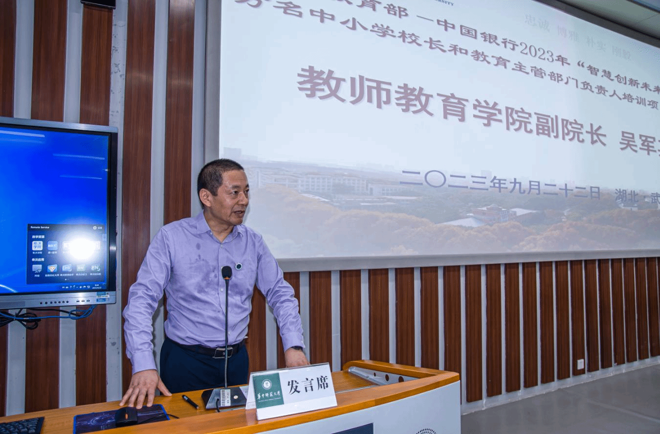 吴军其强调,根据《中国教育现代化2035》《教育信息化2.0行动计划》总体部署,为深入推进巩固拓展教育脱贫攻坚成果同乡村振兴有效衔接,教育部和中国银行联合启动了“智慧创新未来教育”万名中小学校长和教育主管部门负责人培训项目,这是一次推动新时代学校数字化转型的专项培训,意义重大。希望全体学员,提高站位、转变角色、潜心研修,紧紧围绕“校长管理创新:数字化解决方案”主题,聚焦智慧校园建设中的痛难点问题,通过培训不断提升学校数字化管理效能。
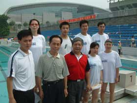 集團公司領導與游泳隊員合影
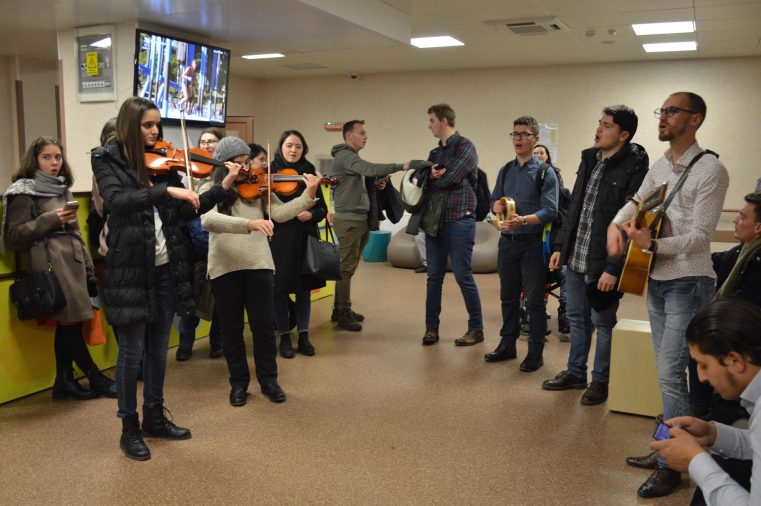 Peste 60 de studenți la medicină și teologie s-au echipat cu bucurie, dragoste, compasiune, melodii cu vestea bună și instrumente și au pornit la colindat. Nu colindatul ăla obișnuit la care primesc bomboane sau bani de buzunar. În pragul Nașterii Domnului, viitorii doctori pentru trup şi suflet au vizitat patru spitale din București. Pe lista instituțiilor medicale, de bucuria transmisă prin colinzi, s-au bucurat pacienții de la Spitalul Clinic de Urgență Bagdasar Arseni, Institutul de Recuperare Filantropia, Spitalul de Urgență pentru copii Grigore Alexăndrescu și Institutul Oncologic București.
--
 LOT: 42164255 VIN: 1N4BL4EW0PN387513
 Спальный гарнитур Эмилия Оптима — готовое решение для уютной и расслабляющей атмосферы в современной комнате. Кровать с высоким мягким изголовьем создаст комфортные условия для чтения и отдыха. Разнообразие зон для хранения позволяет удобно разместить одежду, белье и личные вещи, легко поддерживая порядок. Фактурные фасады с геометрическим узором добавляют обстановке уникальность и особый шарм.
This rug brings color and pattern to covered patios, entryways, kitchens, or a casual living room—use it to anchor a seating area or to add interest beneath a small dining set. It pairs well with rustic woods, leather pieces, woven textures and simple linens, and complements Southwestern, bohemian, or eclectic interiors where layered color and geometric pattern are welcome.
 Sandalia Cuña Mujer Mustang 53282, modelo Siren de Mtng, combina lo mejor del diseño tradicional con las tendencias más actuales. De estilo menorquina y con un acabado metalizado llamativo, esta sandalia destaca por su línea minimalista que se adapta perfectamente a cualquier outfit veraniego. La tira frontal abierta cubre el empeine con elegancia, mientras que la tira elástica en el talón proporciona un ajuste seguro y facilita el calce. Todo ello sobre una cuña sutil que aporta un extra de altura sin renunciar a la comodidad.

— Problem requirements —
Would you quote everything above from the line containing "Спальный гарнитур Эмилия" down to the line containing "Sandalia Cuña Mujer"? Include both of those lines and nothing else.

— Result of this exercise —
 Спальный гарнитур Эмилия Оптима — готовое решение для уютной и расслабляющей атмосферы в современной комнате. Кровать с высоким мягким изголовьем создаст комфортные условия для чтения и отдыха. Разнообразие зон для хранения позволяет удобно разместить одежду, белье и личные вещи, легко поддерживая порядок. Фактурные фасады с геометрическим узором добавляют обстановке уникальность и особый шарм.
This rug brings color and pattern to covered patios, entryways, kitchens, or a casual living room—use it to anchor a seating area or to add interest beneath a small dining set. It pairs well with rustic woods, leather pieces, woven textures and simple linens, and complements Southwestern, bohemian, or eclectic interiors where layered color and geometric pattern are welcome.
 Sandalia Cuña Mujer Mustang 53282, modelo Siren de Mtng, combina lo mejor del diseño tradicional con las tendencias más actuales. De estilo menorquina y con un acabado metalizado llamativo, esta sandalia destaca por su línea minimalista que se adapta perfectamente a cualquier outfit veraniego. La tira frontal abierta cubre el empeine con elegancia, mientras que la tira elástica en el talón proporciona un ajuste seguro y facilita el calce. Todo ello sobre una cuña sutil que aporta un extra de altura sin renunciar a la comodidad.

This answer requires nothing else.